▶ What to produce:
Without the pictures, write the listing below out again, line for line.
___ Data below ___
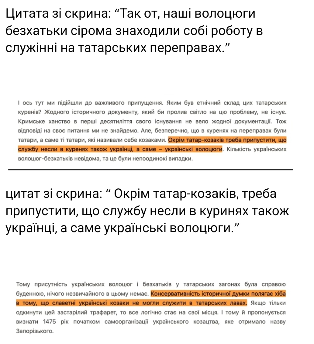 Цитата зі скрина:«Так от, наші волоцюги, безхатьки, сірома знаходили собі роботу в служінні на татарських переправах».
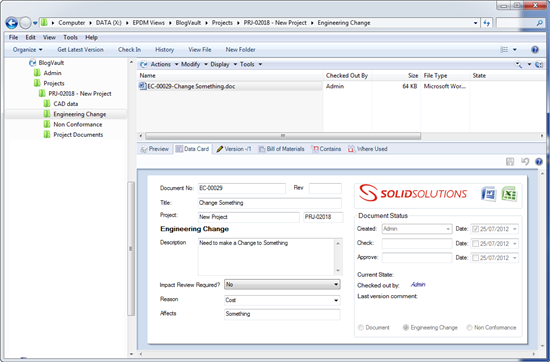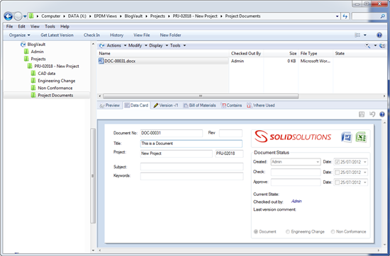 When I create a new Project I generate 4 Sub-Folders; CAD Data, Project Documents, Engineering Change & Non Conformance. The documents added to the three non CAD folders may all be Word Documents (for example) but the requirements for describing those files will be different. I could create one big DataCard that covers all eventualities but let’s not confuse the users and work a little smarter. Using Control Logic on a common Document DataCard to control Tab visibility and some copied properties in the Project Template we can use the same default Document DataCard and have it display different Variables depending on which Folder the File is added to.
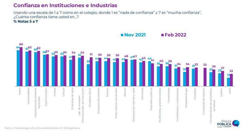 Asimismo, el sondeo dio a conocer que Metro (69%), las universidades (63%) y los laboratorios de remedios nacionales (62%) son las instituciones e industrias de mayor confianza en el país. Mientras que las autopistas (30%), Isapres (27%) y AFPs (22%) son las tres que generan menor confianza.
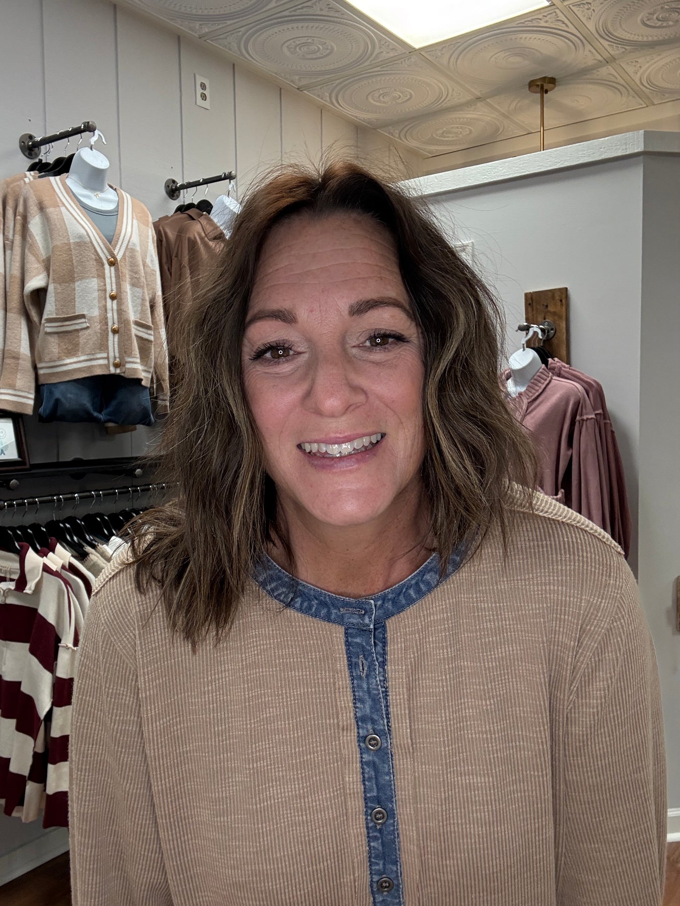 Effortless style meets casual comfort in this ribbed Henley that's anything but basic. The unexpected denim trim detail adds a touch of edge, making it the perfect layering piece for those days when you want to look put-together without trying too hard. Soft, stretchy ribbed fabric moves with you, while the contrasting trim keeps things interesting. Dress it up or down—this versatile essential belongs in every wardrobe.
___
▶ Solution to this problem:
 Цитата зі скрина:«Так от, наші волоцюги, безхатьки, сірома знаходили собі роботу в служінні на татарських переправах».
 When I create a new Project I generate 4 Sub-Folders; CAD Data, Project Documents, Engineering Change & Non Conformance. The documents added to the three non CAD folders may all be Word Documents (for example) but the requirements for describing those files will be different. I could create one big DataCard that covers all eventualities but let’s not confuse the users and work a little smarter. Using Control Logic on a common Document DataCard to control Tab visibility and some copied properties in the Project Template we can use the same default Document DataCard and have it display different Variables depending on which Folder the File is added to.
 Asimismo, el sondeo dio a conocer que Metro (69%), las universidades (63%) y los laboratorios de remedios nacionales (62%) son las instituciones e industrias de mayor confianza en el país. Mientras que las autopistas (30%), Isapres (27%) y AFPs (22%) son las tres que generan menor confianza.
 Effortless style meets casual comfort in this ribbed Henley that's anything but basic. The unexpected denim trim detail adds a touch of edge, making it the perfect layering piece for those days when you want to look put-together without trying too hard. Soft, stretchy ribbed fabric moves with you, while the contrasting trim keeps things interesting. Dress it up or down—this versatile essential belongs in every wardrobe.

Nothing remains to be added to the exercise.